> _TASK DETAILS_:
Take nothing but the lines from the one with "outdoor holiday decorating." through the one with "Az ívelt tető" in the entries below, both ends kept, and return them exactly with pictures left out.

> _DATA IN THIS EXERCISE_:
┄┄┄┄┄┄┄┄┄┄
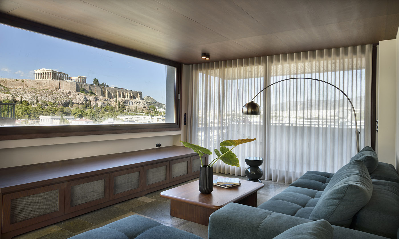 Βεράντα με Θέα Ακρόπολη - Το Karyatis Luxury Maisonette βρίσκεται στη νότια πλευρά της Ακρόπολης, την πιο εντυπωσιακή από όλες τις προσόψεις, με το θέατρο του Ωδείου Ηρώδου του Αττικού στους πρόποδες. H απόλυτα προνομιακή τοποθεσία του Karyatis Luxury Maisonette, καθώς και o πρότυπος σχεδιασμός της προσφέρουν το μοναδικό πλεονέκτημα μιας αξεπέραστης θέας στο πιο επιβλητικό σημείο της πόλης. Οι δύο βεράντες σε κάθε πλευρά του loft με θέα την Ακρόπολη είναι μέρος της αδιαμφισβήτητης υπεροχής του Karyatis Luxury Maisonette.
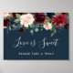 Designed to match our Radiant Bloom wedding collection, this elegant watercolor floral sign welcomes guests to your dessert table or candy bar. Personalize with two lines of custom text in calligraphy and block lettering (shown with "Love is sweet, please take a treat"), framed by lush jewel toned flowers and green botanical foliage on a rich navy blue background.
┄┄┄┄┄┄┄┄┄┄
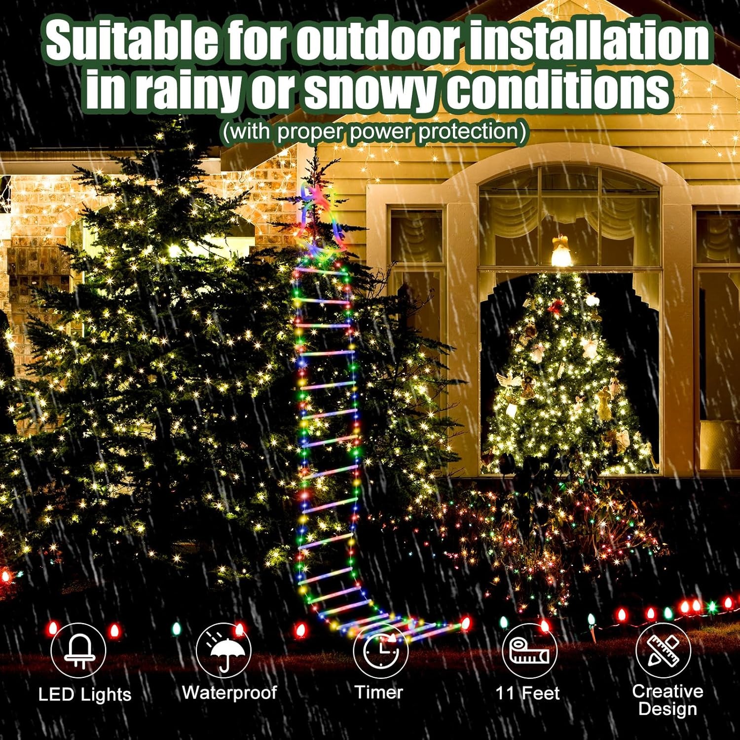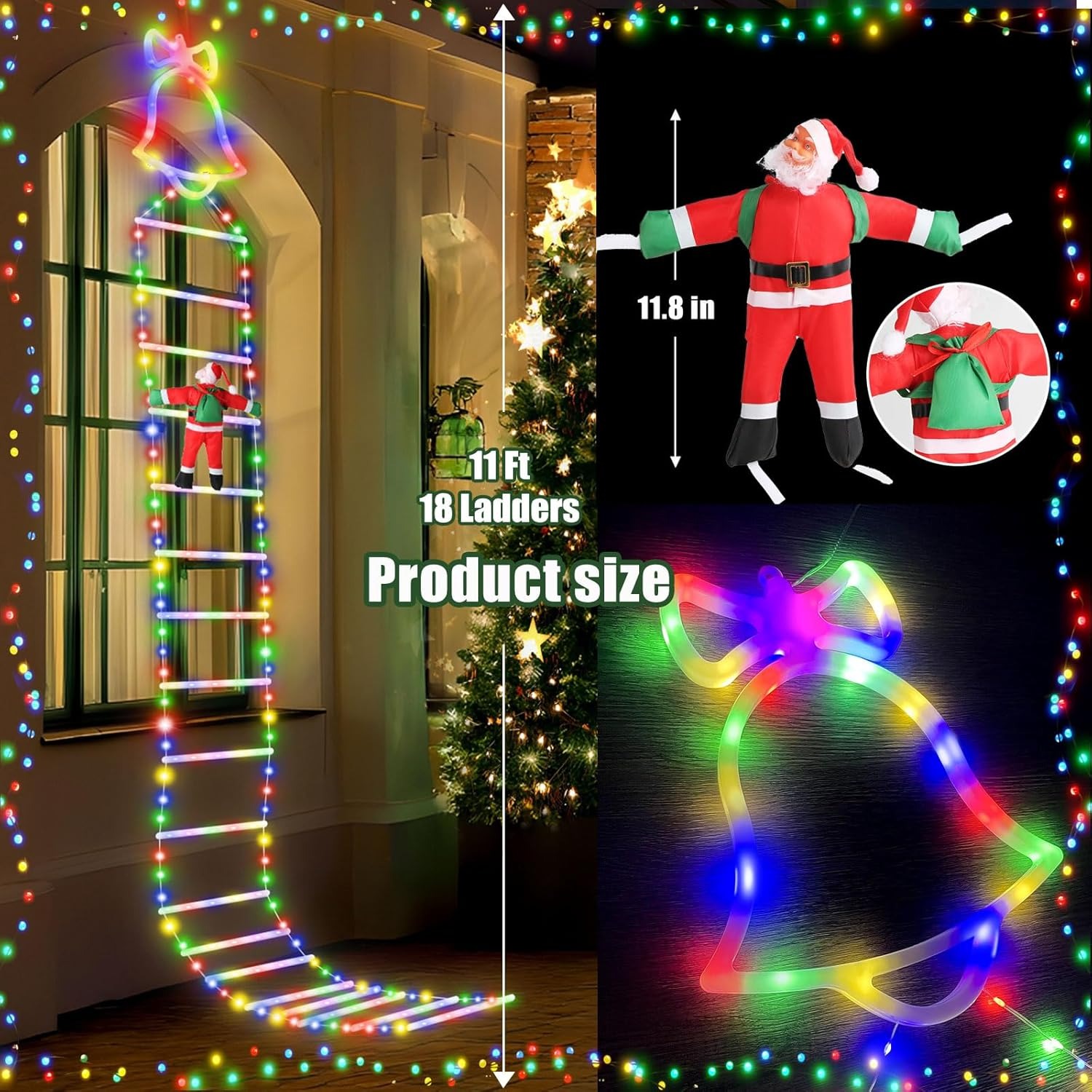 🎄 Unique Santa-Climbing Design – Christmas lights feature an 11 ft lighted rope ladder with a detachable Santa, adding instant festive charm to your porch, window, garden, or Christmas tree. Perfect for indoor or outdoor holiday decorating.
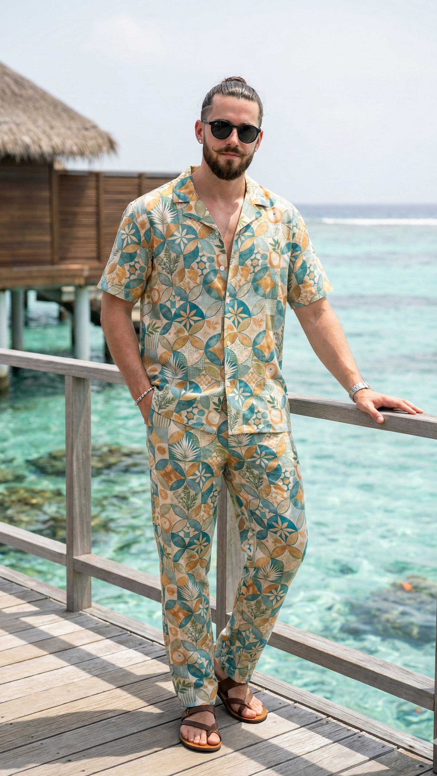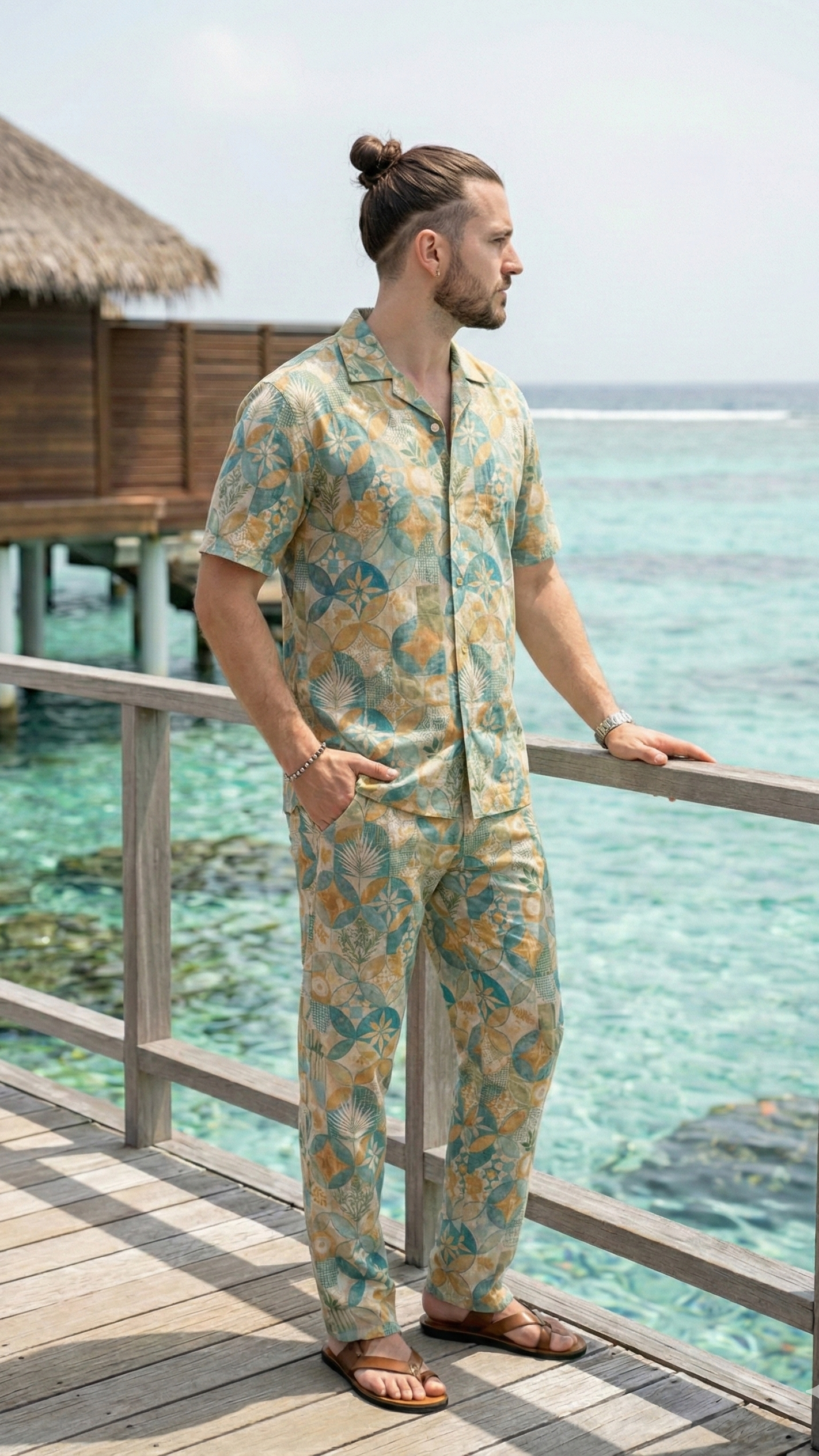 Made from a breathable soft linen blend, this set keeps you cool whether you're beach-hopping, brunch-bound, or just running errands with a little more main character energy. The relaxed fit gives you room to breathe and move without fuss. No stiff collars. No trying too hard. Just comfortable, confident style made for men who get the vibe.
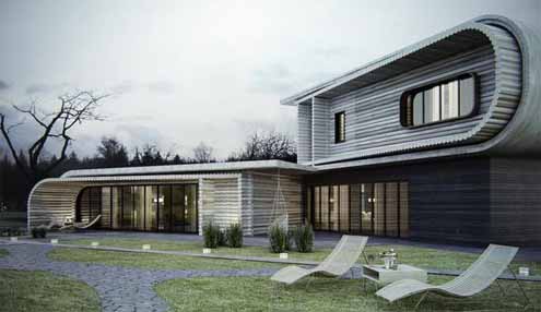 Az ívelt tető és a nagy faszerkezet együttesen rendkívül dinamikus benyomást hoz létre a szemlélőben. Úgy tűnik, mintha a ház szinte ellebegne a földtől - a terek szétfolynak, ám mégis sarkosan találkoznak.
┄┄┄┄┄┄┄┄┄┄
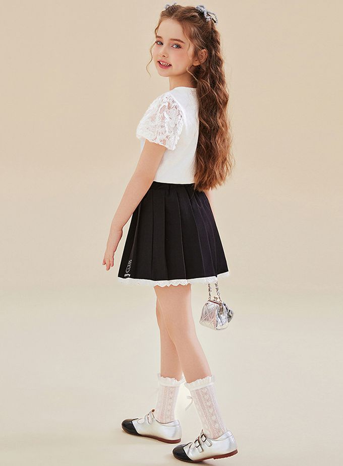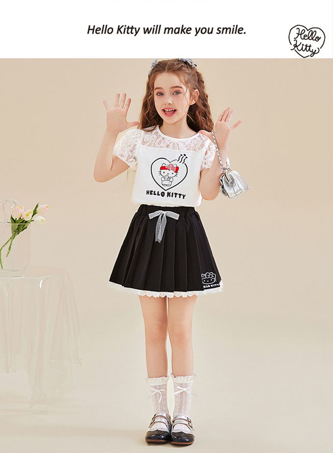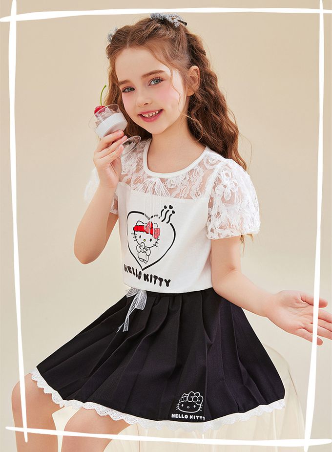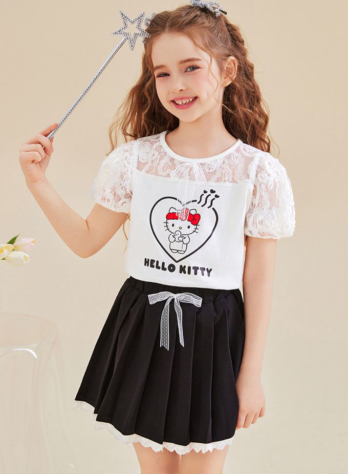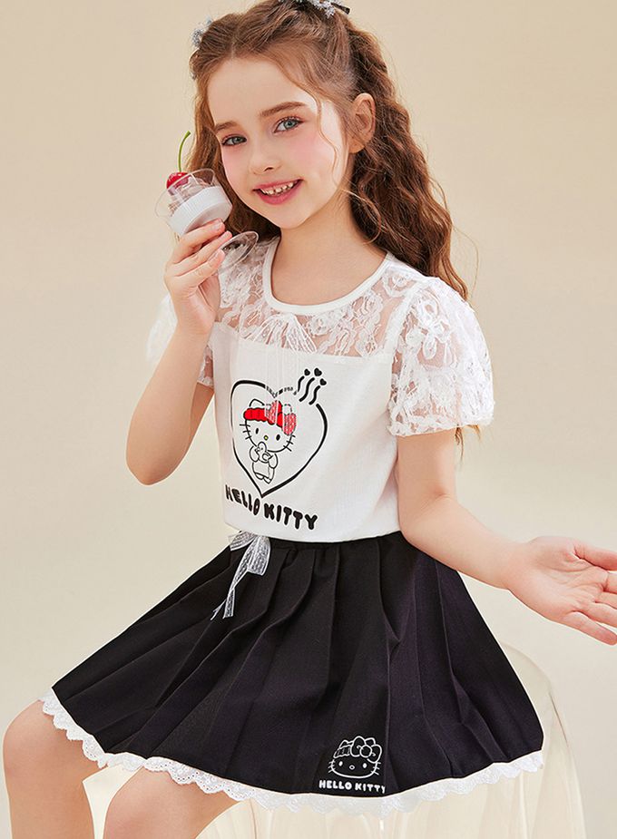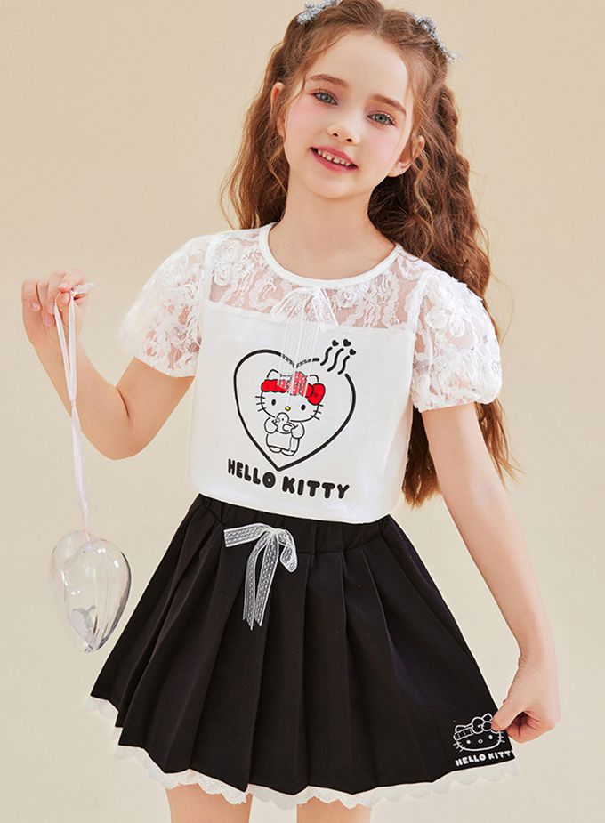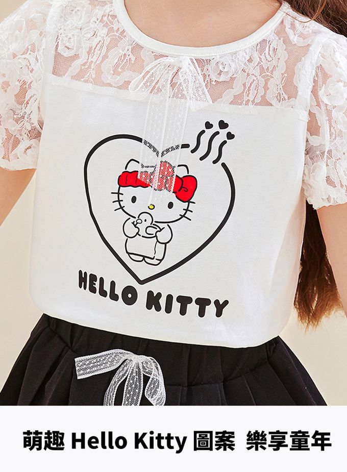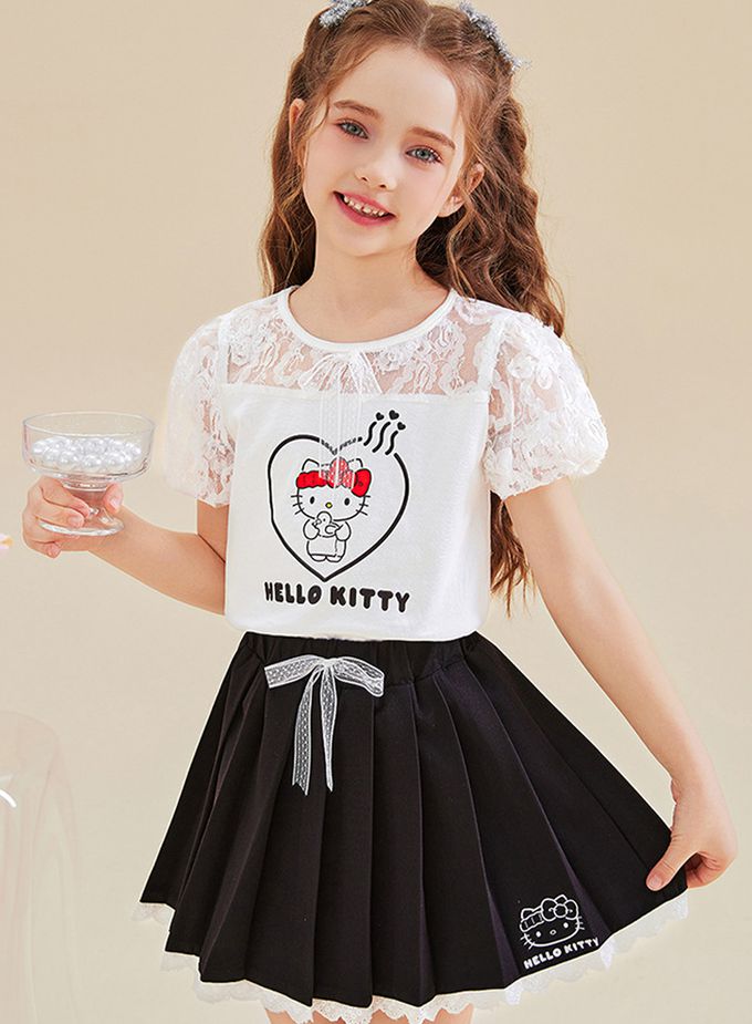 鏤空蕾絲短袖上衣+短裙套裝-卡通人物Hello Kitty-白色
┄┄┄┄┄┄┄┄┄┄
> _SOLUTION TO THE PROBLEM_:
 🎄 Unique Santa-Climbing Design – Christmas lights feature an 11 ft lighted rope ladder with a detachable Santa, adding instant festive charm to your porch, window, garden, or Christmas tree. Perfect for indoor or outdoor holiday decorating.
 Made from a breathable soft linen blend, this set keeps you cool whether you're beach-hopping, brunch-bound, or just running errands with a little more main character energy. The relaxed fit gives you room to breathe and move without fuss. No stiff collars. No trying too hard. Just comfortable, confident style made for men who get the vibe.
 Az ívelt tető és a nagy faszerkezet együttesen rendkívül dinamikus benyomást hoz létre a szemlélőben. Úgy tűnik, mintha a ház szinte ellebegne a földtől - a terek szétfolynak, ám mégis sarkosan találkoznak.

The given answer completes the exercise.